From a musical vantage point, everything that had been hinted at on the band's previous EPs crystallized on Slanted and Enchanted: the encoded anti-rock star messaging ("Pass out the gold, the diamond watch, the last reward, all the things we had before you sold us out," lectured Malkmus on "Fame Throwa," his cautionary tale of bowing to The Man); the amateurish lo-fi aesthetic now hard-wired into a semi-coherent template (the record's first single, "Summer Babe," demonstrates that Pavement knew a good melody when they heard one—but had trouble untangling it from a morass of primitive noise and their tendency to subvert conventional pop structures with ear-prickling scree and prog-aspiring drum fills); the laconic, tossed-off vocals hovering somewhere between Lou Reed's sing/speak and your old college dorm buddy's stoned karaoke routine. Slanted and Enchanted boldly disregarded convention, folded genres in on one another like melted chocolate bars, and created a string ball of complexity with fractured riffs, skewed melody lines, and enough attitude to wow the prep-school kids and the street scuzz simultaneously. It was a bold, cocky effort, full of cryptic observations ("Lies and betrayals, fruit- covered nails, electricity and lust") and, mostly, itself (the ridiculously self-referential "Our Singer"). But it was brilliant all the same.

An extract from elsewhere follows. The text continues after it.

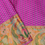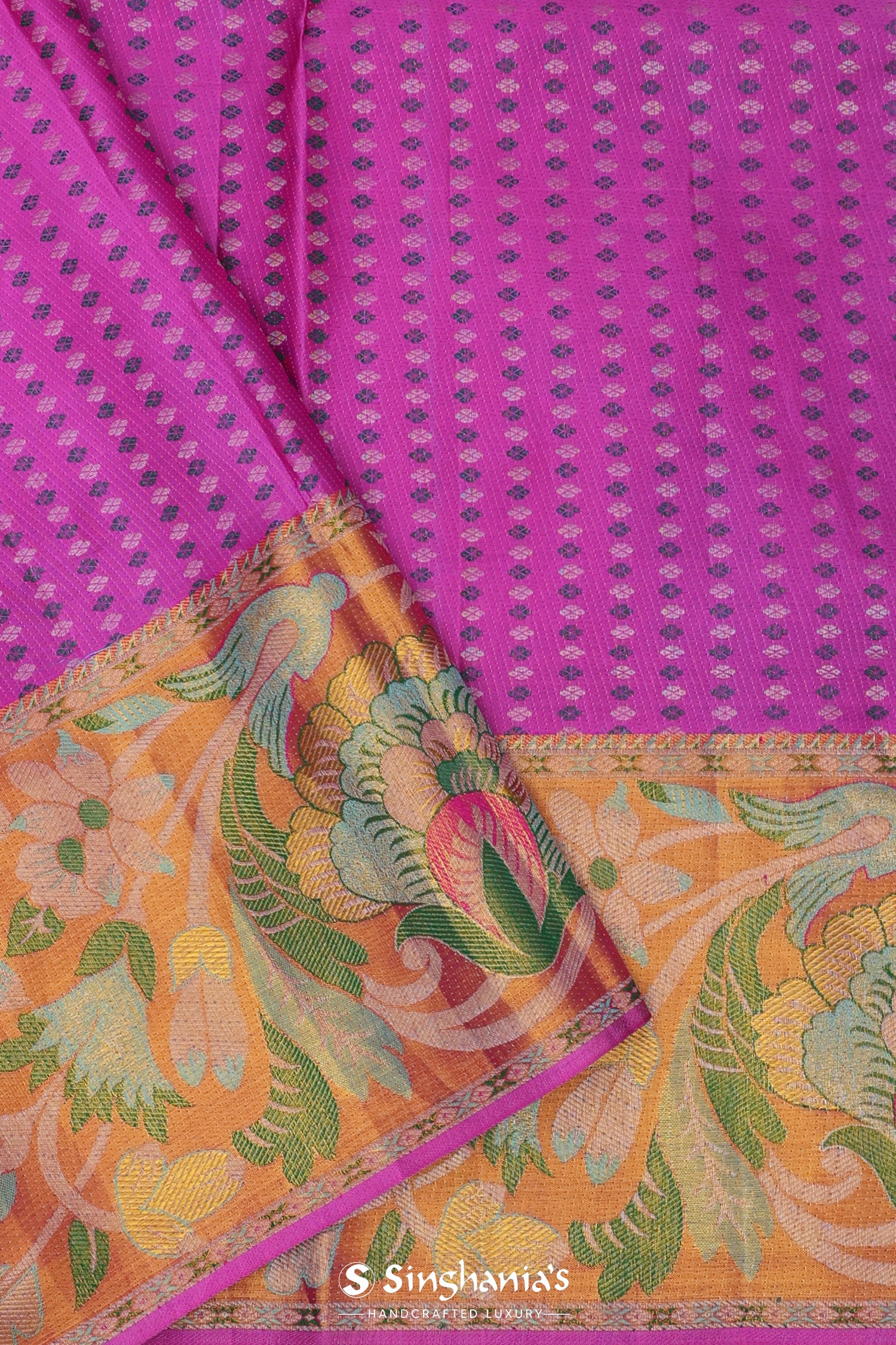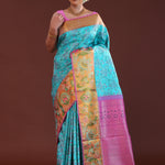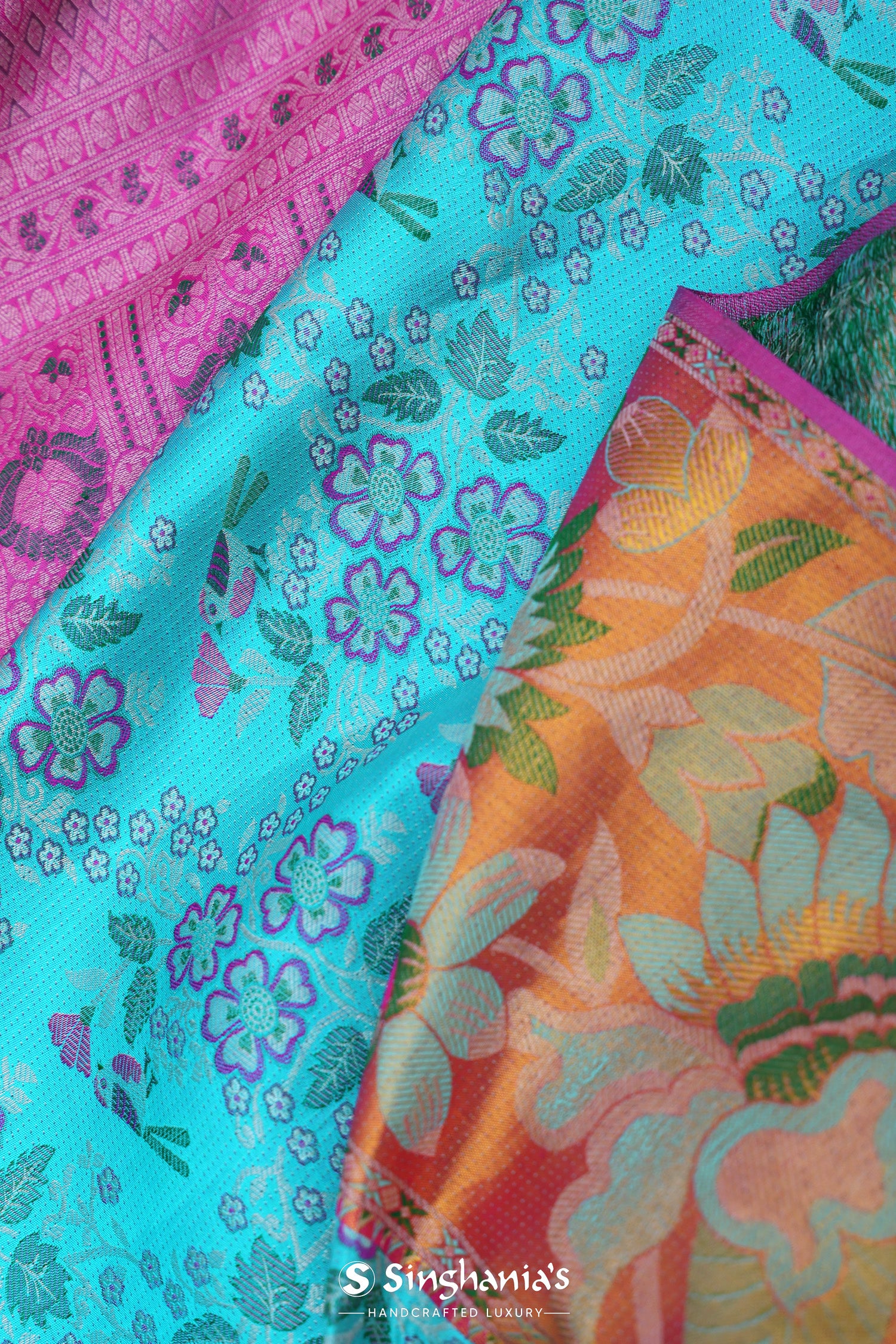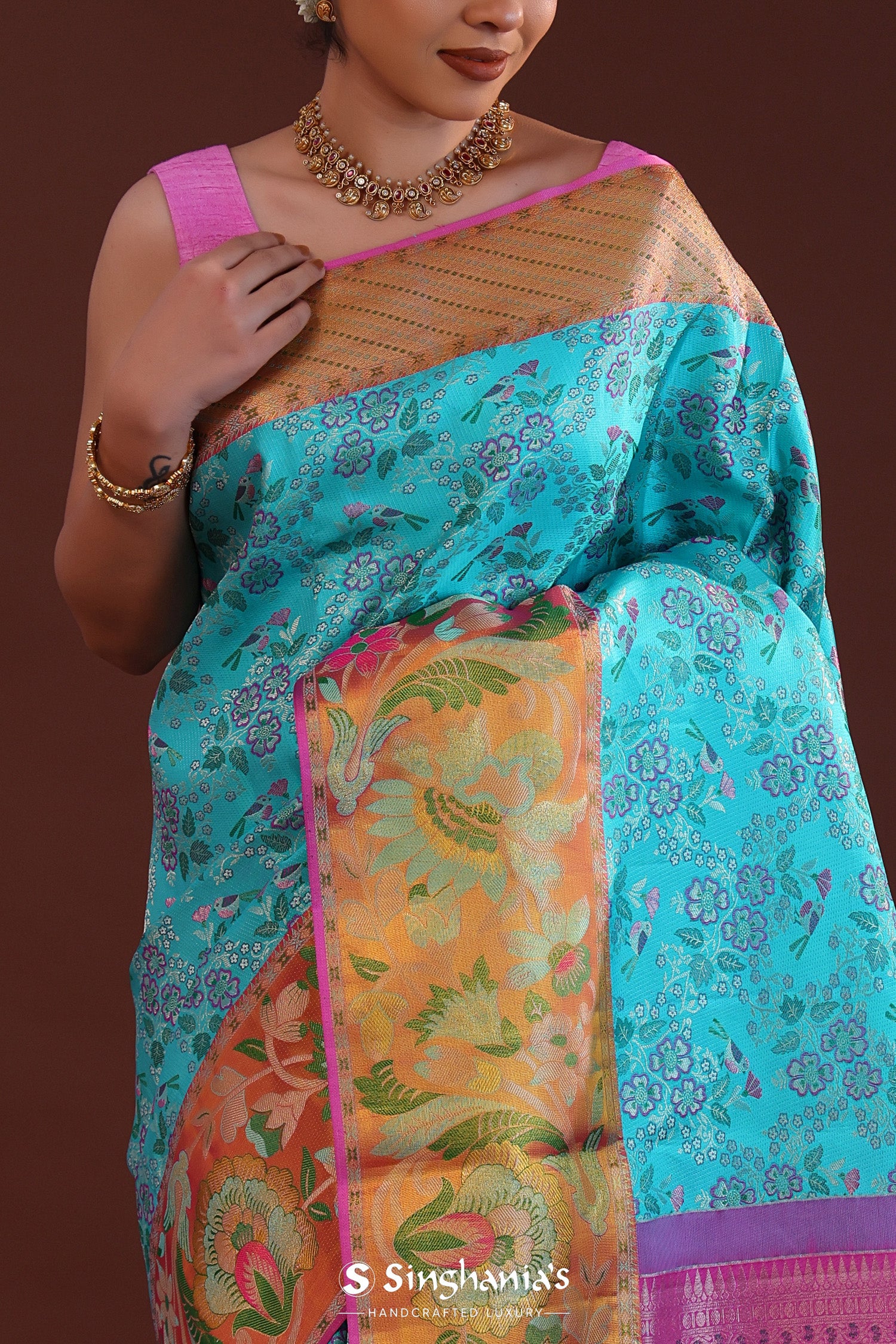 The floral patterns woven on the body of the Sky blue kanjivaram silk saree complemented with contrast golden border adorned with floral pattern, pink pallu and contrast unstitched blouse

As it turns out, in between their early EPs and Slanted, Pavement somehow evolved into a Real Band by adding drummer Gary Young—whose Louder Than You Think Studios in the garage of his down-at-the-heels Stockton home was the band's early recording venue of choice. Young was a fry baby, an ex-hippie who had burned enough brain cells to render him loopy and was given to unpredictable antics during the band's infrequent live shows (handstands on stage, handing out salads at the door as audiences filed in, collapsing in a drunken heap midway through gigs, etc.). Young's drumming was only loosely tethered to the beat, and S.M. and Stairs moved quickly to shore up this perceived flaw by bringing in Malkmus' college friend Bob Nastanovich as a second drummer (Nastanovich would eventually go on to become the Bez of Pavement after Young departed in 1993, replaced by the altogether more "together" Steve West). Mark Ibold was lured away from New York's Dustdevils, and suddenly the two-person, tape-splicing party had evolved into a bona fide band—sort of.